* Given records *

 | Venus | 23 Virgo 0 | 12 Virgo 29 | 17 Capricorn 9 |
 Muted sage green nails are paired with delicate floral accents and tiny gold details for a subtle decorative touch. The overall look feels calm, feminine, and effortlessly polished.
* * *
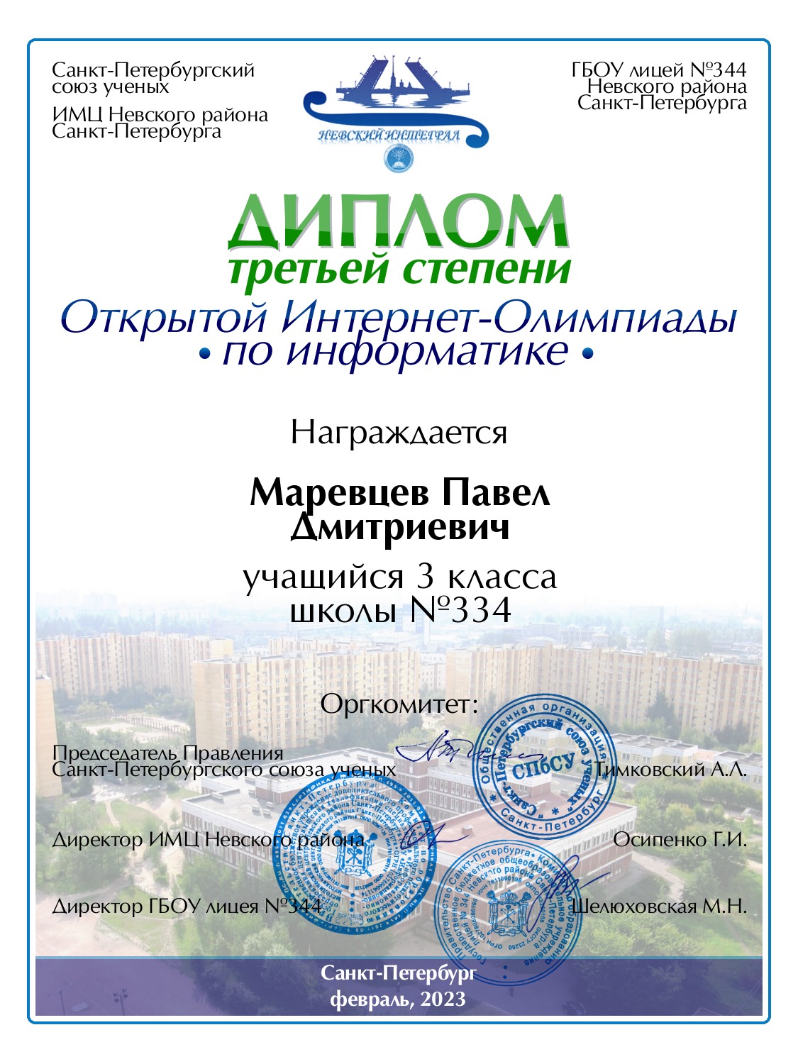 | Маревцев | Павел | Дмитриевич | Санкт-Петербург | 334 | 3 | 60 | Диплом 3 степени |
==
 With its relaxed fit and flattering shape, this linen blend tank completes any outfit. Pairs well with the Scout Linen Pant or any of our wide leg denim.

* Exercise directions *
Since only the number is needed, state how many lines of the listing contain the word "with".

* Written response *
2